Lotsofthingstoconsider · 05/03/2023 09:37

Absolutely! She is British. Even if she wasn't she would still have access to the family court. You do not need a lawyer to go to court. You need to pay £235 to make an application for a child arrangements order . This figure is reduced for low income and as she has no money and will need to claim UC in order to live - then she will be exempt from this fee.

However, what she really needs to do is go to the police and report the criminal behaviour of Coercion and control along with Assault causing Actual Bodily Harm .... for starters. That should then give her access to lawyers through legal aid.

Strongly support you getting in touch with specialist charities. Like Karma Nivarna mentioned above. Who have walked this road so many times before.

Lotsofthingstoconsider · 05/03/2023 09:48

I don't think this approach would be suitable for your friend OP. If she has been beaten and deprived of her children and penniless she will have very poor coping strategies and will need practical help to access help. 'Helping from a distance' will not be sufficient given the scenario you have described.

By all means help her to help herself but she will need a leg up. Such as a home for a couple of weeks in order to get applications in to UC, housing, Police and Legal Aid. ..

Just sending ticket money and some charitable information is not going to help much. Where does she go when she arrives at the airport ? How does she get online to claim UC without a device or address no matter how temporary. Many charities will need an application to access their services. Does she even have a phone in order to call these services.

Help from a distance and sign posting can be useful in some circumstances but this particular situation will need a much more comprehensive handhold even for a couple of weeks until the basics are set up.

Lotsofthingstoconsider · 05/03/2023 09:50

Sorry - second post in response to Goodread1 advising 'distancing'

heartbroken22 · 08/03/2023 05:53

If she does somehow get back into the country (she needs to find money for a ticket back) would she be allowed to pick her kids up from school and take them with her to the refuge/womens shelter?

OP posts:
catherinecawoodrtd · 08/03/2023 11:16

She has PR so in theory could do that but I assume someone else will already be ready to collect them. It could cause an altercation with police being called and the children witnessing a very stressful situation.

There are other ways to deal with this that will minimise distress to the children

DivorcingEU · 08/03/2023 12:01

First she needs to get back. Absolutely nothing can be done, money or not, if she's not here. The longer she is away the easier it will be for the father to say the children's normal residence is with him/he's the primary carer/she is unreliable etc.

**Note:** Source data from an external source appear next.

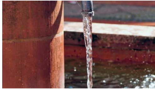
Das überarbeitete Wasserreglement der Gemeinde Degersheim tritt per 1. Januar 2019 in Kraft.

DEGERSHEIM Am 23. Oktober 2018 hat der Gemeinderat das neue Wasserreglement erlassen und dem fakultativen Referendum unterstellt. Die Referendumsfrist ist in der Zwischenzeit unbenutzt abgelaufen. Das Wasserreglement tritt per 1. Januar 2019 in Kraft. Der dazugehörige Gebührentarif tritt ebenfalls per 1. Januar 2019 in Kraft. Der Gemeinderat hat diesen an seiner Sitzung vom 18. Dezember 2018 erlassen. Die Gebühren bleiben unverändert. Geändert wurden die Verweise ins Reglement und vereinzelte Bezeichnungen.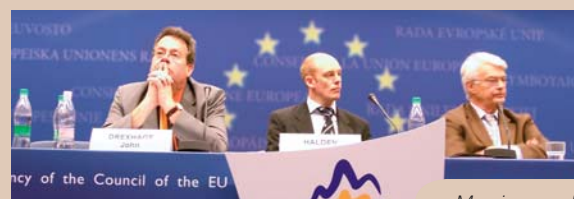
Morning panel, 24 April 2008 workshop

On 24 and 25 April 2008, a two-day event was organised by the Madariaga - College of Europe Foundation and the Folke Bernadotte Academy to analyse the security implications of climate change.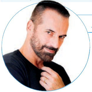
■ Carlos Arruza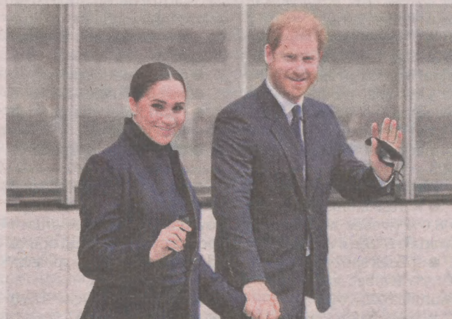
Eksperti oceniają, że choć księżę Harry i rodzina królewska mają nie po drodze, to syn króla weźmie udział w koronacji

- Mogę potwierdzić, że książkę otrzymaliśmy niedawno korespondencją e-mailową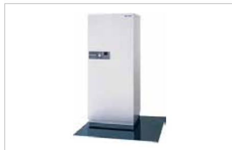
金庫のイメージ (現物なければデータ支給)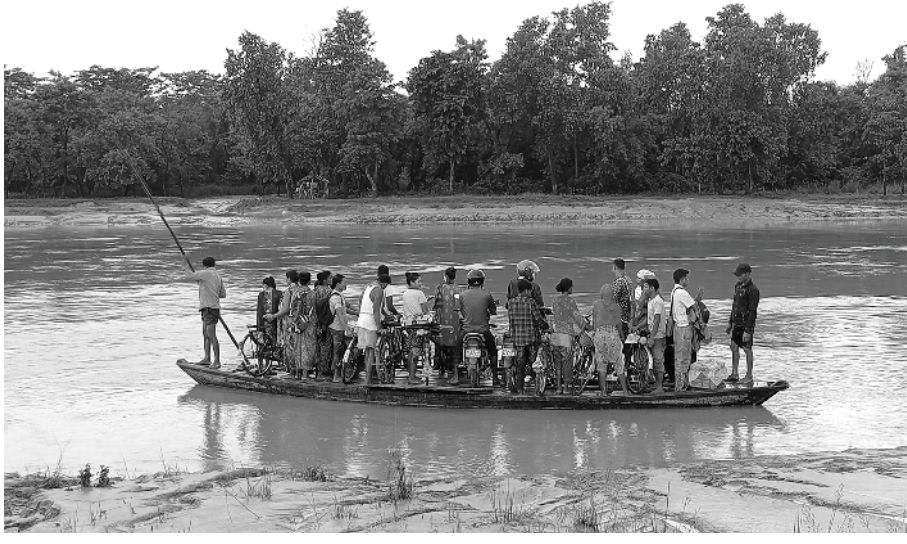
कैलालीको ठाजनी नगरपालिकामा पर्ने कावडा नदी डुङ्गामार्फत वारपार गर्दै स्थानीय बासिन्दा । हुलाकी राजमार्गमा निर्माण हुन लागेको पुनः दस वर्षसम्म पनि निर्माण सम्पन्न नभएको वर्षातको समयमा स्थानीय बासिन्दा ज्यानको जोखिम मोलेरै डुङ्गाबाट नदी वारपार गर्दै आएका छन् ।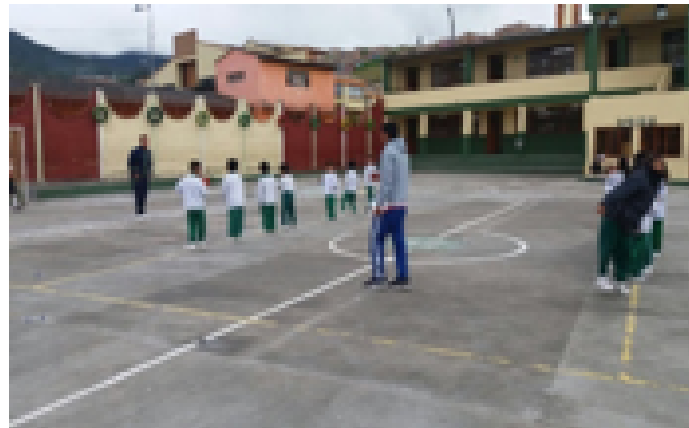
• Figura 4. "Día y noche".

Cabe resaltar que hubo buena comunicación entre los estudiantes al momento de realizar alguna actividad. El juego que más ayudo a percibir esto, fue "Día y noche" descrita en el plan de clase número uno (1), (ver figura 4).

heartbroken22 · 08/03/2023 15:13

@DivorcingEU she needs to raise money for a ticket she's got no money at the moment so people are helping her. She might be back in 1-2 months. It's honestly very stressful.

OP posts:
heartbroken22 · 08/03/2023 15:14

@catherinecawoodrtd any advice as to how to approach it? Obviously first she'll be put in a refuge then maybe after she gets her life sorted?

OP posts:
catherinecawoodrtd · 08/03/2023 18:41

She needs to get back to this country asap, get support from the local domestic violence service who can support with access to a solicitor, a refuge place and access to benefits. She should also ask a solicitor for stops on the children passports so they can't be moved out of the country if their father gets a hint she's back.
As has been said already, this needs professional, expert help.